Applying for Scholarships
  • Once you have decided to apply for a scholarship, start working on your application early and don’t wait until the last minute.  Starting early will help ensure less mistakes on your application.
  • If your scholarship requires an essay, make sure you personalize your essay.  Scholarship committees are looking to get to know you and the essay portion of a scholarship application presents the perfect opportunity to highlight positive qualities about yourself.
  • Type your scholarship applications, if possible.  Typing your application ensures that your application will be legible.
  • Make sure you PRINT out a copy of your scholarship application to proofread before sending off your application.  Printing for editing purposes helps tremendously in catching more errors.  Also – be sure to have others – such as teachers, parents, other family members – proofread your essay.
  • Be sure to make a photocopy of your entire scholarship application packet before mailing it.  Send the application packet by certified mail so you can track it.


You’ve finally finished all of your college applications and they are safely in the mail.  But guess what?  Your college application process still isn’t finished!  It is now time to begin the march towards obtaining financial aid to help pay for your college education.
If your parents are completely financing your college education, consider yourself to be one of the lucky ones!  But if you are like the majority of the college-going population, the financial aid process has only just begun.  Your journey will start with filling out the Free Application for Federal Student Aid (FAFSA).
Everyone who is applying for financial aid has to fill out the FAFSA.  This form is available in your school’s Career Center, your counselor’s office or online. Although students can complete a paper FAFSA application, the FAFSA can be filled out online for faster processing. Use a paper FAFSA application first as a rough draft, then fill out the online form.

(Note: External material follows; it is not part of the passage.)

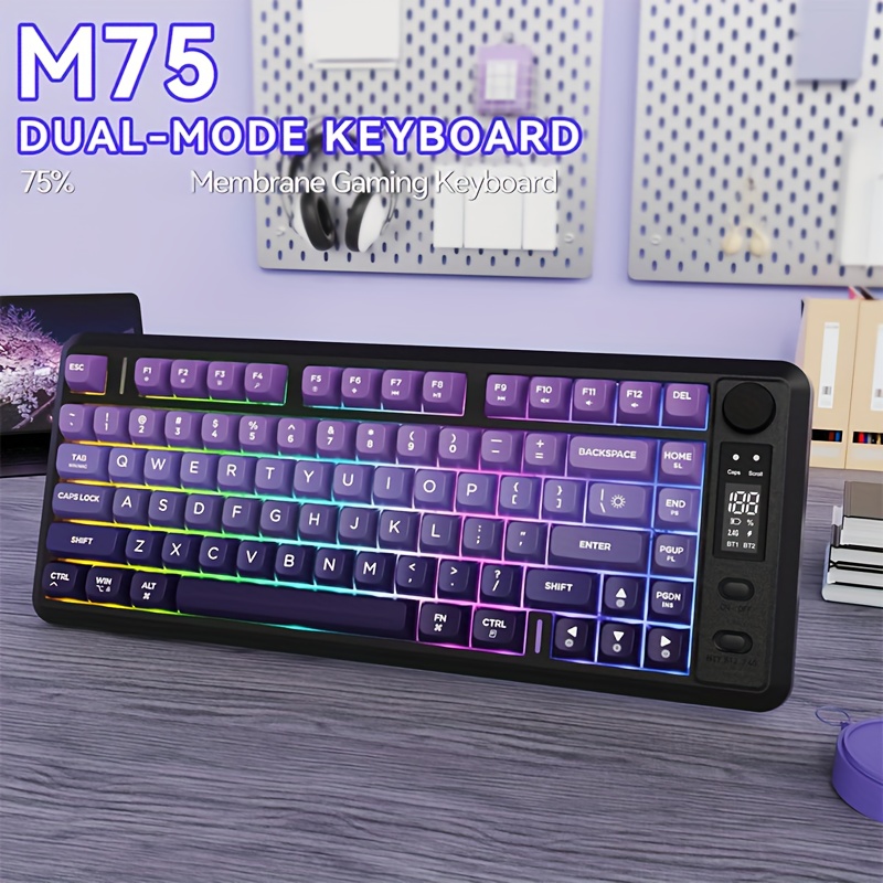 M75 Gaming Keyboard, RGB Backlit Small Membrane Keyboard with Smart Display & Knob, PBT Gradient Keycaps for PC, MAC
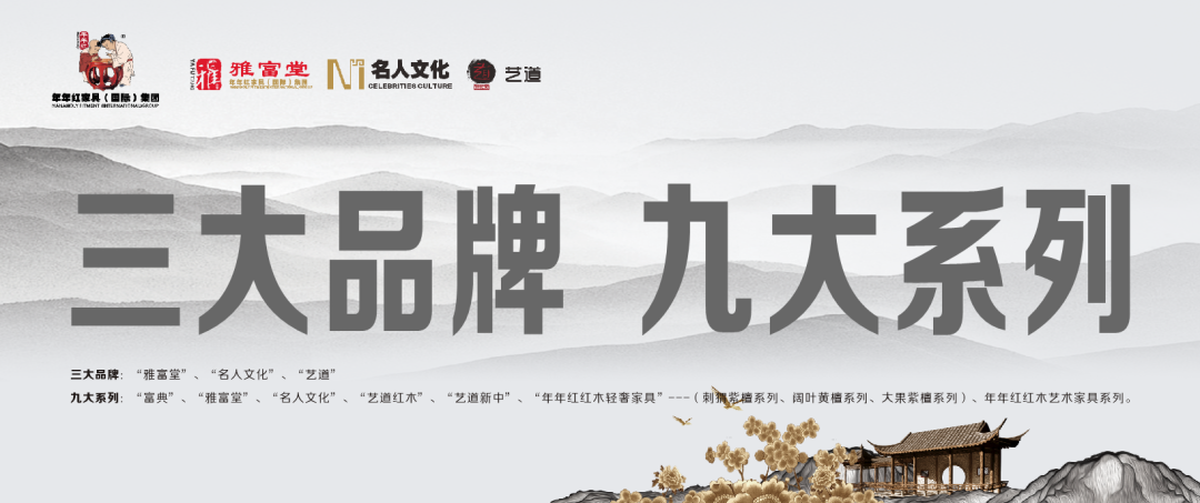 成功的品牌,永远走在时代前沿。年年红富典事业部着眼于时代特点,聚力打造三大品牌:“雅富堂”、“名人文化”、“艺道”。以不同的设计理念和风格样式满足众多客户的需求,得到了经销商的强烈拥护和消费者的无数好评,成为了行业焦点。“雅富堂”、“名人文化”的面世开启了红木品牌经营之路,带领年年红经销商突出重围;“艺道”红木的推出,更是锦上添花,是市场经营的强有力支撑。不动则已,一动惊人。富典事业部历经几年的沉淀,对市场需求的摸索愈加深入,不断引领中华传统技艺文化攀登高峰。2020年开始,年年红富典事业部倾心铸就九大系列:“富典”“雅富堂”“名人文化”“艺道红木”“艺道新中”“年年红红木轻奢家具(刺猬紫檀系列、阔叶黄檀系列、大果紫檀系列)”、年年红红木艺术家具系列。为提高人民生活品质尽心尽力,为传承中国传统文化鼎力奉献!

Your FAFSA will help you determine your financial need – based on a college’s cost and your Expected Family Contribution (EFC).
Types of Financial Aid
There are many different types of financial aid out there. Four of the most popular types of financial aid are:
  • Grants – Students do NOT have to repay grants. They are typically given for athletics, academics, special talent, need-based, etc.
  • Scholarships – Students also do NOT have to repay scholarships. Scholarships can be awarded for athletics, academic excellence or special talent.
  • Loans – These must be repaid.  There are two types of loans: federal loans and alternative loans.
  • College Work Study – Work study allows colleges to hire students for employment to pay their own way as they attend college.  You do not repay the money earned.
There are also two different types of student loans – federal and alternative loans.
  • Federal loans are guaranteed by the US government.
  • Alternative loans are guaranteed by private guarantee agencies.